■ The problem:
Below are entries; copy exactly the lines from the one with "Мясищев Владимир Николаевич" through the one with "委內瑞拉「選美教父」索薩曾揚", both included, and leave out the rest.

■ Exercise materials:
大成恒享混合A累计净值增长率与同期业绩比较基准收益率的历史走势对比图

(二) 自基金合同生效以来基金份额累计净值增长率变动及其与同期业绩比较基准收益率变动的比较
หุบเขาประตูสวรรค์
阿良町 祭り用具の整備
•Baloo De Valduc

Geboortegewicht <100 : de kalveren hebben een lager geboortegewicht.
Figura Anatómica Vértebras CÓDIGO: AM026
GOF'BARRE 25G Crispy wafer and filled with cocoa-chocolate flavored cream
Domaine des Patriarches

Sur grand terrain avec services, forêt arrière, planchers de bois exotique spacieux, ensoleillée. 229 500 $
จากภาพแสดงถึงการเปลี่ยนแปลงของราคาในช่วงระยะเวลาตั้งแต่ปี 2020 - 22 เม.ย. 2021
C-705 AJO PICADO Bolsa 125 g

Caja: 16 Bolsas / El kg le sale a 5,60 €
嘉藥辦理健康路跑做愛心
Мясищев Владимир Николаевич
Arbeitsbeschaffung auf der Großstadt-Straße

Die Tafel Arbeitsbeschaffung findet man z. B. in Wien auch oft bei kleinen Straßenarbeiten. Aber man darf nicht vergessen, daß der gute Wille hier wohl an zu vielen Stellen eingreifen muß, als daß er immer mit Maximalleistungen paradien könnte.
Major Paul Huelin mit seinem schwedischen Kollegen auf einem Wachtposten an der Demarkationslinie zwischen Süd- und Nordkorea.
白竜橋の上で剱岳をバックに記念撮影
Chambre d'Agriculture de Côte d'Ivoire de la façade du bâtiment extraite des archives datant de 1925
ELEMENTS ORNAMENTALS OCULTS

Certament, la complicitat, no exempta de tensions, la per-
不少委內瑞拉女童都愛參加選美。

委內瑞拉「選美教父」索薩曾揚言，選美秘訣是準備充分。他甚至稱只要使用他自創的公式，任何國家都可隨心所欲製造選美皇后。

---

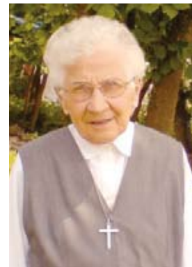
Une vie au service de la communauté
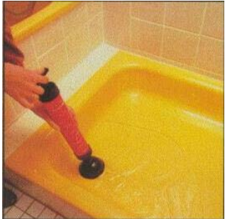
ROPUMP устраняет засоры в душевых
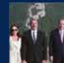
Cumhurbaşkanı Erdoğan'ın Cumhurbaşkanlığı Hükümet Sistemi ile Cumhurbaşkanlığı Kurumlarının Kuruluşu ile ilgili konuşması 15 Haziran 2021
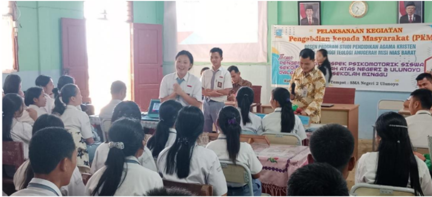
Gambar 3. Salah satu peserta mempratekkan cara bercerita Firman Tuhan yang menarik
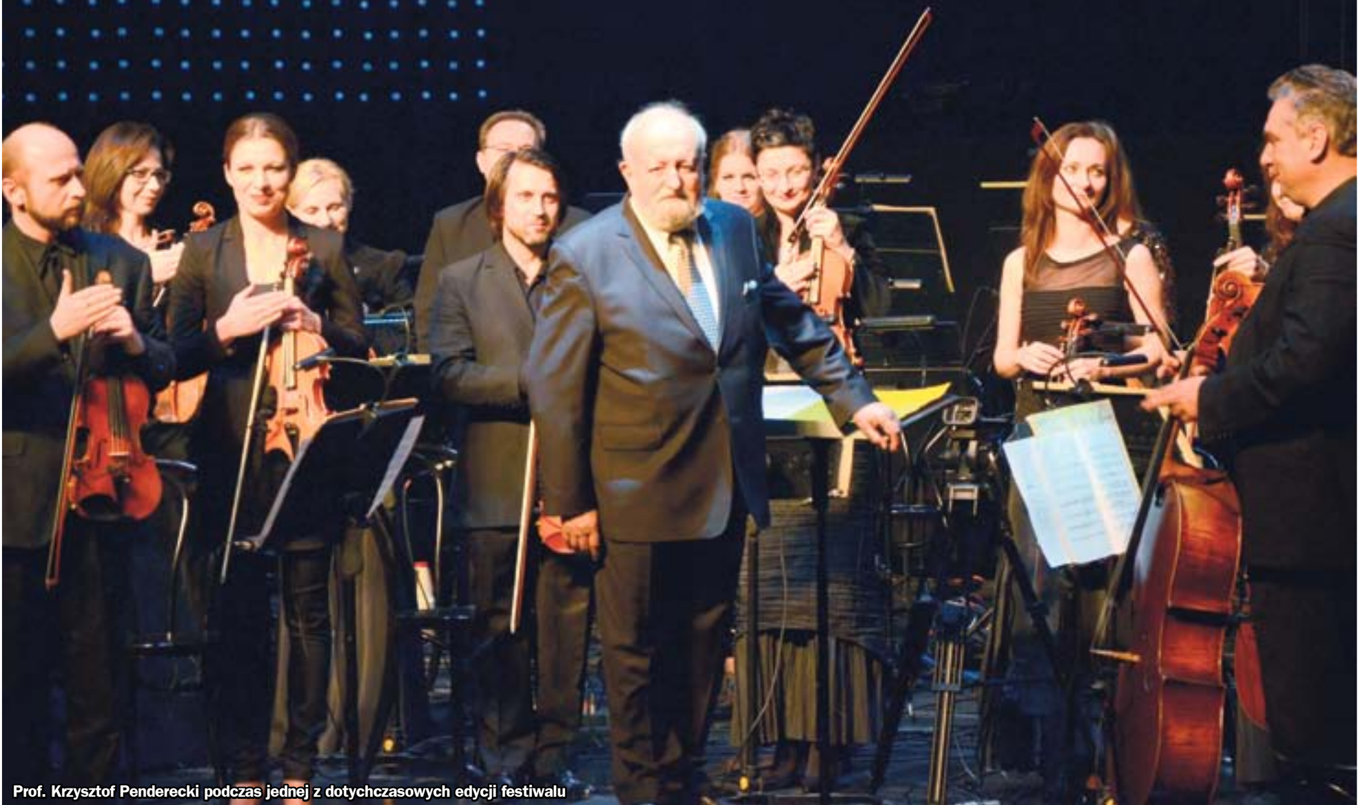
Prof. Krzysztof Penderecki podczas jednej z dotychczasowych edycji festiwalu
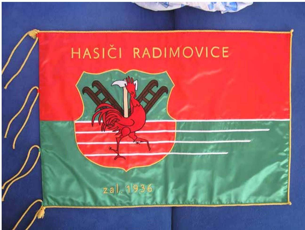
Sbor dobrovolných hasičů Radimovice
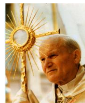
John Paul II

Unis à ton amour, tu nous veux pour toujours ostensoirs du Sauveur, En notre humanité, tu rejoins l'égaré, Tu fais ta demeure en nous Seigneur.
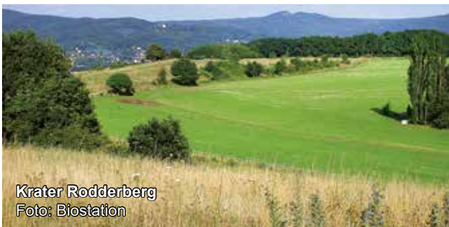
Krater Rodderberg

■ Task response:
Мясищев Владимир Николаевич
Arbeitsbeschaffung auf der Großstadt-Straße

Die Tafel Arbeitsbeschaffung findet man z. B. in Wien auch oft bei kleinen Straßenarbeiten. Aber man darf nicht vergessen, daß der gute Wille hier wohl an zu vielen Stellen eingreifen muß, als daß er immer mit Maximalleistungen paradien könnte.
Major Paul Huelin mit seinem schwedischen Kollegen auf einem Wachtposten an der Demarkationslinie zwischen Süd- und Nordkorea.
白竜橋の上で剱岳をバックに記念撮影
Chambre d'Agriculture de Côte d'Ivoire de la façade du bâtiment extraite des archives datant de 1925
ELEMENTS ORNAMENTALS OCULTS

Certament, la complicitat, no exempta de tensions, la per-
不少委內瑞拉女童都愛參加選美。

委內瑞拉「選美教父」索薩曾揚言，選美秘訣是準備充分。他甚至稱只要使用他自創的公式，任何國家都可隨心所欲製造選美皇后。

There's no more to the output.